Lloyd Knibb OD (8 March 1931 – 12 May 2011) was a Jamaican drummer who is considered Jamaica's most important and influential modern drummer. A master percussionist, he contributed to every style of this nation's popular and not so popular musical forms, including jazz, mento, burru, nyabinghi, rock steady and, by extension, reggae. He is most well known for his contribution to the development of the rhythm of the ska. He played for The Skatalites (in the 1960s up to his death), and for Tommy McCook & The Supersonics. Knibb recorded for the producers Lloyd "Matador" Daley and Duke Reid.

==Biography==
Born in Kingston, Jamaica in 1931, Knibb, grew up on Bond Street, close to where a local band rehearsed, and he made his own drum kit from a wooden box and paint cans to practice the sounds that he had heard. Like a lot of musicians in the 1940s, he honed his craft in jazz bands. His first professional engagement was with the Val Bennett band, with whom he played for six years. He also played with Count Ossie's group, adding burru and nyabinghi to his repertoire, and he regularly accompanied Rastafarian leader Sam Brown at meetings. It was with Eric Dean's band where he gained the technical skills to play many styles. Dean's set list included the big band music of Glenn Miller as well as the popular dances of the day: rhumba, cha-cha-cha and bolero, and his tenure in the band coincided with future major figures in ska such as Tommy McCook, Baba Brooks, and Lloyd Brevett. Knibb's technical proficiency and wide knowledge of styles soon led to him being featured on the recordings of Coxsone Dodd, Prince Buster, Sonia Pottinger and Duke Reid, playing an instrumental part in the development of ska.
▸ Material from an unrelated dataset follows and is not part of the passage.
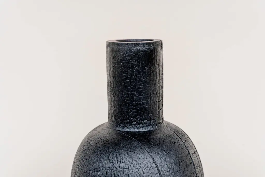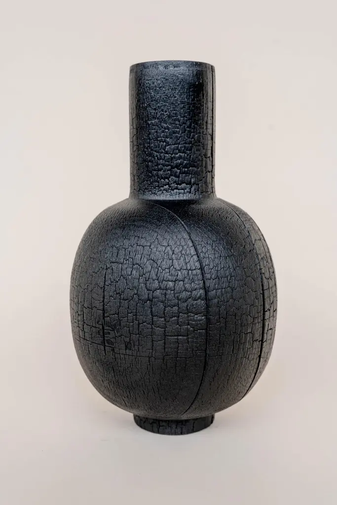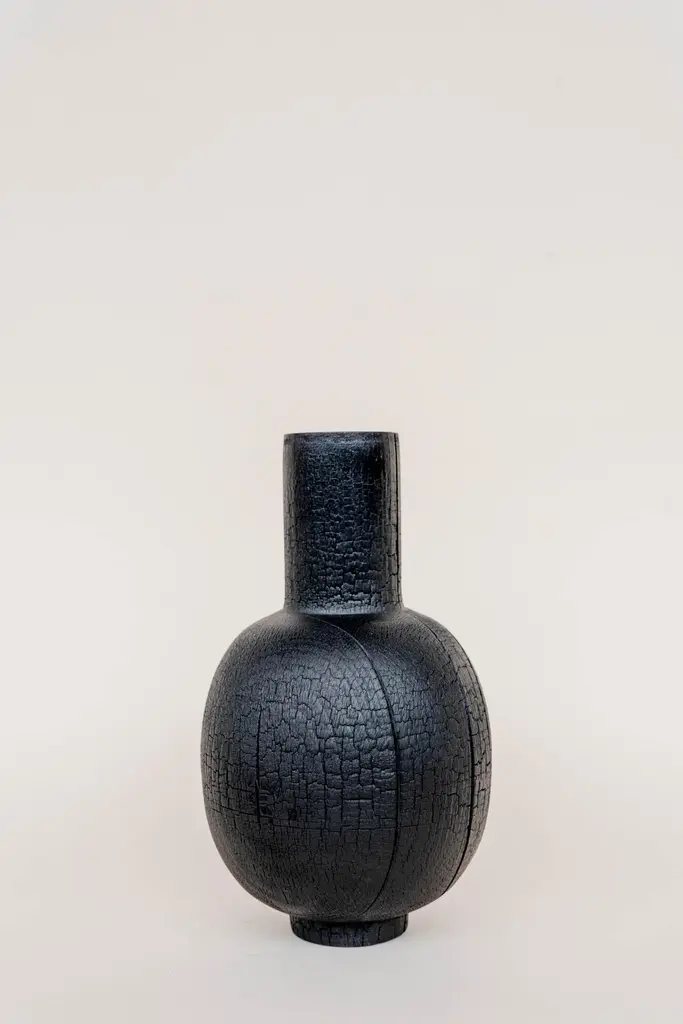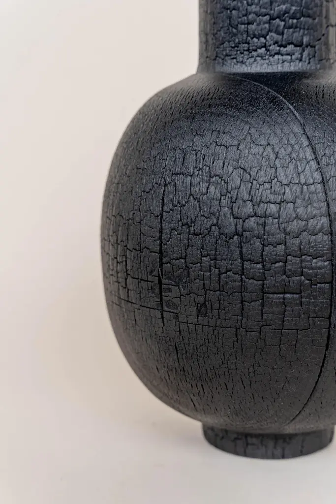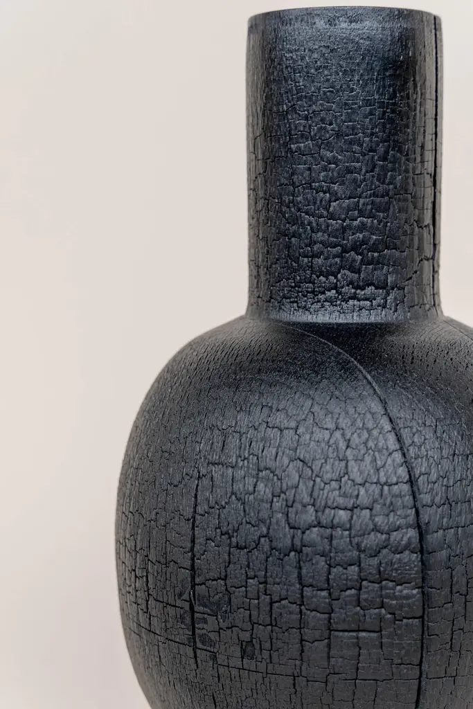 Burnt vase XL #4 by Daniel ElkayamOne of a KindDimensions: D 15 x W 15 x H 45 cm Materials: Burnt beech woodJerusalem-born Art-designer and Photographer based in Tel-Aviv. Operating in the field of sustainable home decor and specializing in conceptual design, material exploring, and story-telling through objects. Graduated in 2019 his Bachelor's studies at the Industrial design department at Bezalel Academy of Arts and Design, Jerusalem. A former member of the Bezalel Alumni Design Incubator 2020. Won the excellent scholarship of America-Israel cultural foundation of 2019 Inspired by nature and its phenomenons, the artist transforms natural materials and aesthetics into one-of-a-kind unique objects. In his works, Daniel implements his curiosity and yearning for unrefined aesthetics, and by material transformation and unique techniques he is developing in his studio, he shows how unattractive materials can be not only valid but luxurious. Elkayam examines the range between art and design by taking things in and out of their context, creating hybrids between different worlds of content, intervening in natural processes, while leaving a gap for the unexpected, the unknown. He expresses his inner world and illustrates his ideas by creating objects and experiences. Through his perspective of materiality, and empathetic vision of his surroundings, he developed an intuitive way of creation with experimental materials such as algae, corrosion, charcoal, and more. Every collection of objects expresses different material research and follows curious narratives and a variety of topics such as locality, transience, and decay of materials. THE CHARRED COLLECTION: A collection of handmade wooden objects inspired by one of the most powerful natural phenomena in our world, which is out of control. Today the percentage of fires caused by natural causes is significantly lower than those caused by humans. The huge fires quickly deplete the forests, leaving behind a particularly surrealistic view of a burnt, black piece of nature. Out of interest in this show was created the desire to preserve the unique aesthetics of the burnt wood and to express in objects the feelings and questions it raises as a raw material in itself. The same scorched aesthetic combined with everyday objects, on the one hand, serves as a mirror for the consequences of the situation we have created and as a means of dealing with its ecological results, and on the other hand, as a visual echo of fire intensity and aesthetic effects.

Knibb gained his widest audience, however, as the drummer for The Skatalites. They recorded for the Treasure Isle (Duke Reid), Studio One (Clement Dodd) and Top Hat (Phillip Yap) labels, releasing ska music in the 1960s to an audience that responded to a rhythm that was uniquely Jamaican. Knibb, along with the other original Skatalites members, reformed to play the Reggae Sunsplash concert in Montego Bay, Jamaica in July 1983. The success of the reunion led to the reformation of The Skatalites as a full-time touring band, of which Knibb remained a member until his death in 2011. He played his last show in Peru on 23 April 2011 with local band Vieja Skina as the opening act.

In his later years, Knibb resided in Hull, Massachusetts with his longtime friend and fellow musician, John, and his wife, Adele. His son Dion plays in the Boston-based ska band Dion Knibb & The Agitators.

Knibb's contribution to Jamaican music was recognized by the Prime Minister's Award, the Order of Distinction (Officer Class), the Silver Musgrave Medal, and induction into the Jamaican Music Hall of Fame.

Knibb was taken ill while on tour in Brazil. On 12 May 2011, after being ill for some time with liver cancer and receiving treatment in the US, he was told by doctors that he only had days to live. Knibb traveled back to his home in St. Andrew, Jamaica, to be among his family and friends. Later that day, Knibb died aged 80.